Das Wiederladen der Revolver-Ordonnanzpatrone 1882
Bericht von Gunter Schmidtke August 2015
Wiederladen für den Schweizer Ordonanzrevolver

der Bericht aus dem SWM als PDF > hier
Wer hat nicht schon mal einen davon gesehen und wollte nicht damit schiessen? Die Rede ist vom guten alten Schweizer Ordonanzrevolver Modell 1882/1929. Die Preise für dieses kleine Meisterwerk der Technik sind günstig wie nie zuvor, dass Schiessen also eigentlich erschwinglich.

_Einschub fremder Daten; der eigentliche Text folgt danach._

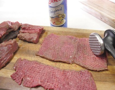 Now take your meat mallet and pound out the sections to about 1/4" thick. I spray a little cooking spray on my mallet to keep the meat from sticking to it as I pound it down. The pieces will be uneven shapes, but that's the beauty of it...in my humble opinion.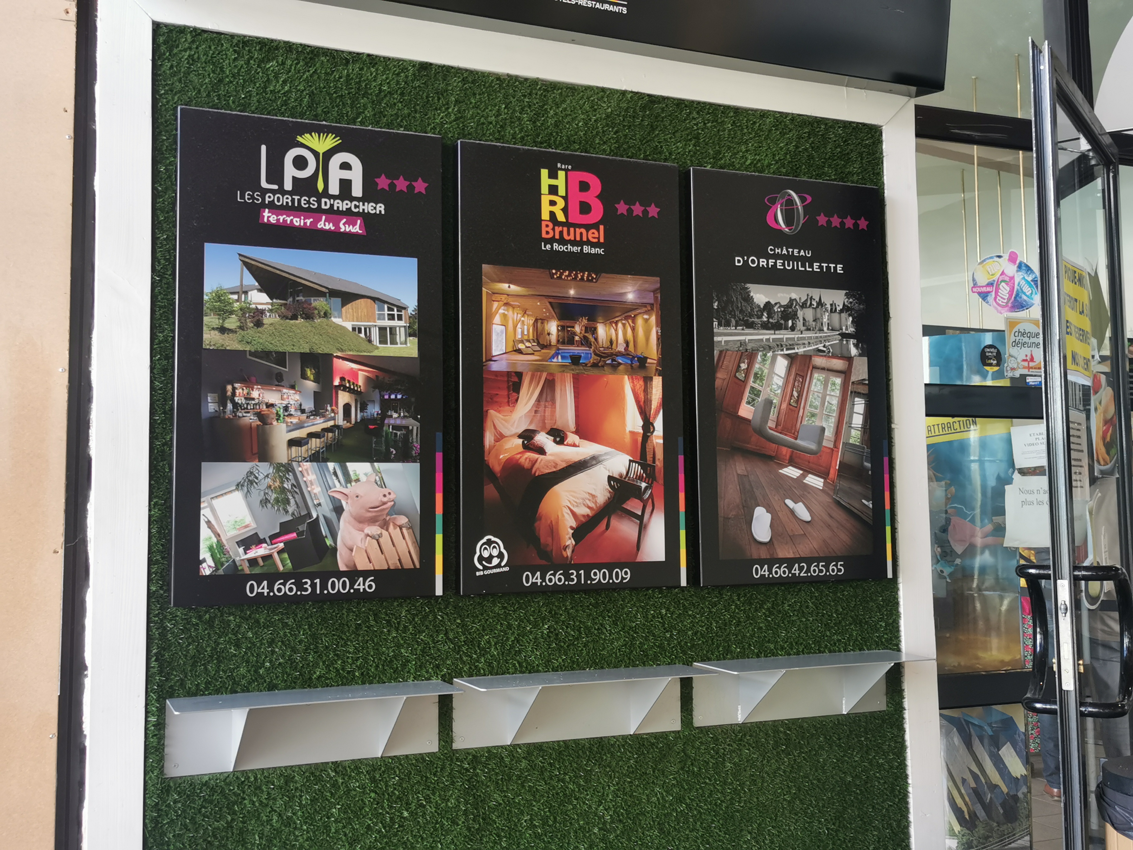 Une cafétéria sans possibilité d'acheter des sandwichs. Un magasin cher de spécialités de la Lozère. Un office du tourisme.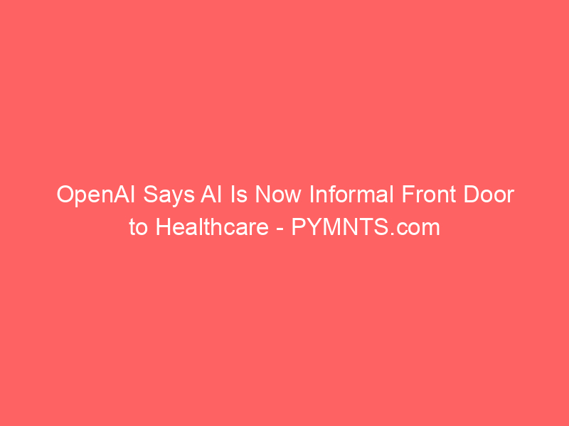 OpenAI Says AI Is Now Informal Front Door to Healthcare – PYMNTS.com / Artificial intelligence (AI) / By hi@aiweekly.co.in OpenAI Says AI Is Now Informal Front Door to Healthcare PYMNTS.com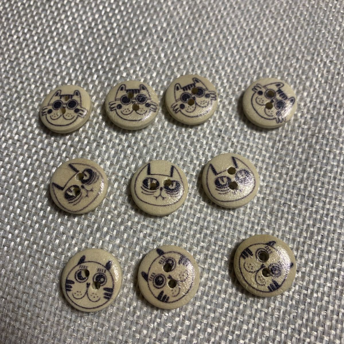 - 猫の木製ボタン 1.5㎝ ハンドメイド 10個セットf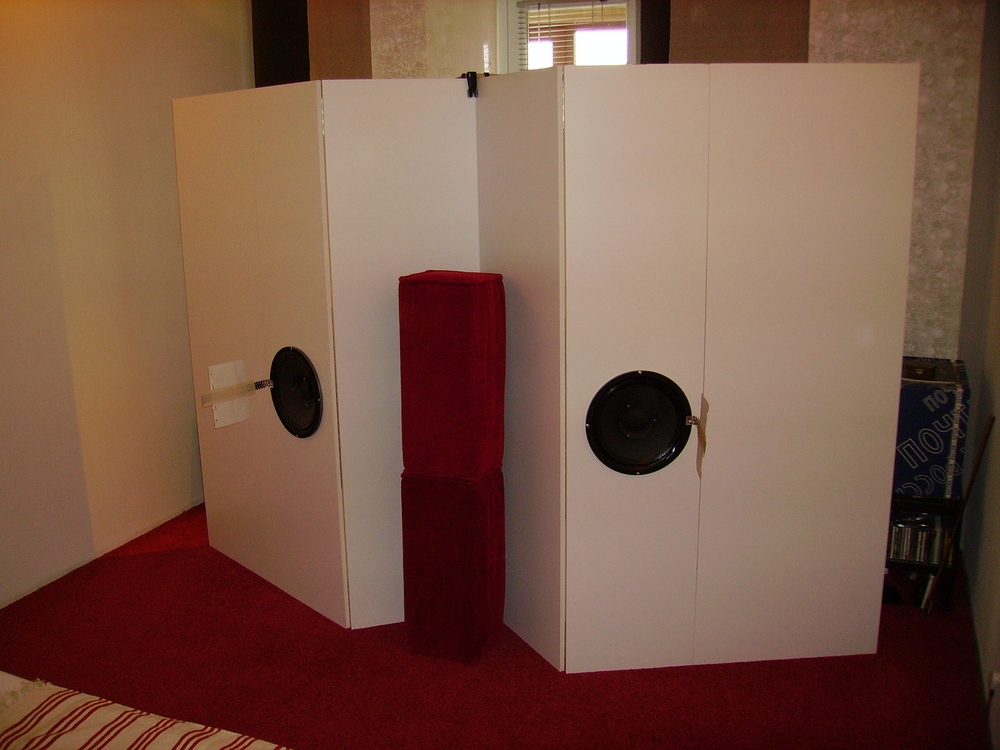 Александр, спасибо! Да, действительно 2-ой этаж мансардного типа 6х5 м, ломаный потолок, высота в холке 4 м, стена вдоль которой всё планируется примерно 13 кв.м. Любимый 6ГД-2 (вынут из Симфонии 2) Блестит, потому что пропитка хорошо сохранилась и от вспышки. Вот что получилось в месте прослушивания: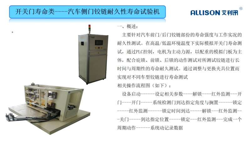 电冰箱开关门寿命试验机主要用于测试的门体与门铰链耐久性试验,检测门体的质量可靠性,适用对箱柜门体进行开/闭能力试验。以步进电机作为驱动源,带动推杆作往复转动运动,从而完成对柜门“打开与闭合”的往复动作, 通过PLC控制动作进行开启与关闭,模拟人手开关门的动作。通过PLC控制对产品进行上下开门测试动作,配合灵活多变的夹具,可满足多种洗衣机/电烤箱门的型式要求,通用性强,操作简单,控制方便,故障率低。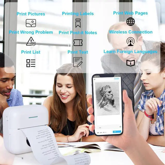 Bluetooth PrinterConnects wirelessly to your cell phone via Bluetooth. The app offers a wide range of printing options and materials, Portable sticker printer including photo/label/post-it/web/document printing, As well as festival/animal/plant materials, and more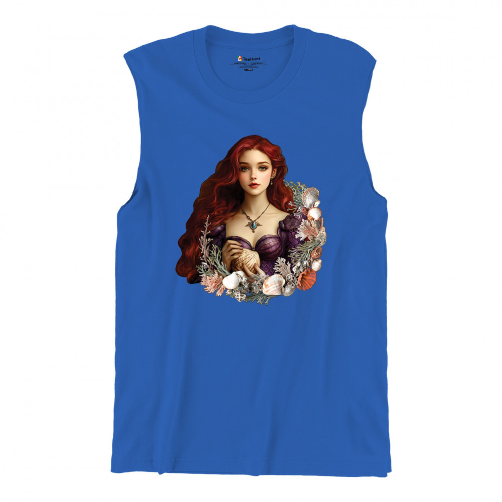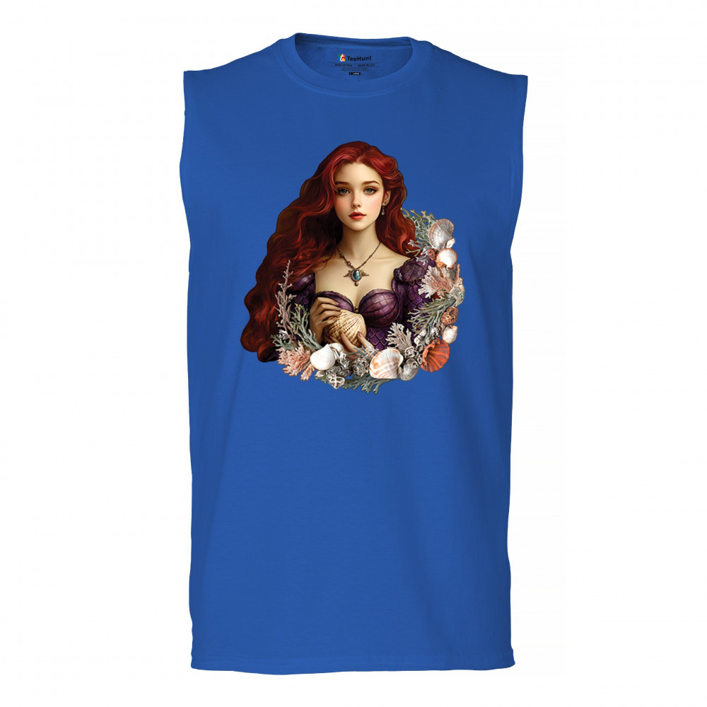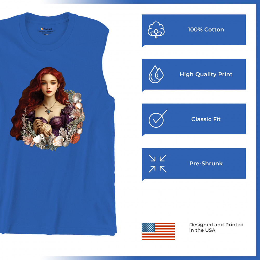 Inspired by mystical ocean themes, this design features a fantasy red-haired girl in a seashell dress, cradling a large shell. She is framed by coral, seaweed, and a shimmering array of ocean shells. With nods to classic mermaid lore and fairytale storytelling, it's perfect for fans of fantasy creatures, marine magic, and romantic ocean legends.

Bliebe noch das Problem mit dem Treibstoff. Die Ordonanzmunition ist für häufiges schiessen keine Option, die Nitromunition von Fiocchi ist eigentlich zu teuer wenn man öfter mal schiessen will, und für die frühen Versionen des Revolvers, mit der dünnen Rahmenbrücke, auch nicht geeignet. Letzteres gilt auch für die Patrone 32 S&W long.
Hier will ich ein Paar Tipps geben wie man günstig Munition für den Schweizer Ordonanzrevolver selben laden kann. Ich habe ausschliesslich die in Abbildung 1 dargestellten Hülsen vom Kaliber 32-20 Win (auch 32 winchester center fire, kurz 32 WCF genannt) verwendet. Die sind relativ günstig und überall zu bekommen. Dafür braucht man einen passenden Hülsenhalter. Als Matrizen kam der dreiteilige Satz im Kaliber 32 S&W long zum Einsatz und eine Universalausstossermatrize. Die Matrizen für 32 S&W long sind nicht nur viel günstiger als die für 7,5 Swiss, man hat auch eine gute Chance mal eine auf dem Gebrauchtmarkt zu ergattern oder eine beim Vereinskollegen ausleihen zu können.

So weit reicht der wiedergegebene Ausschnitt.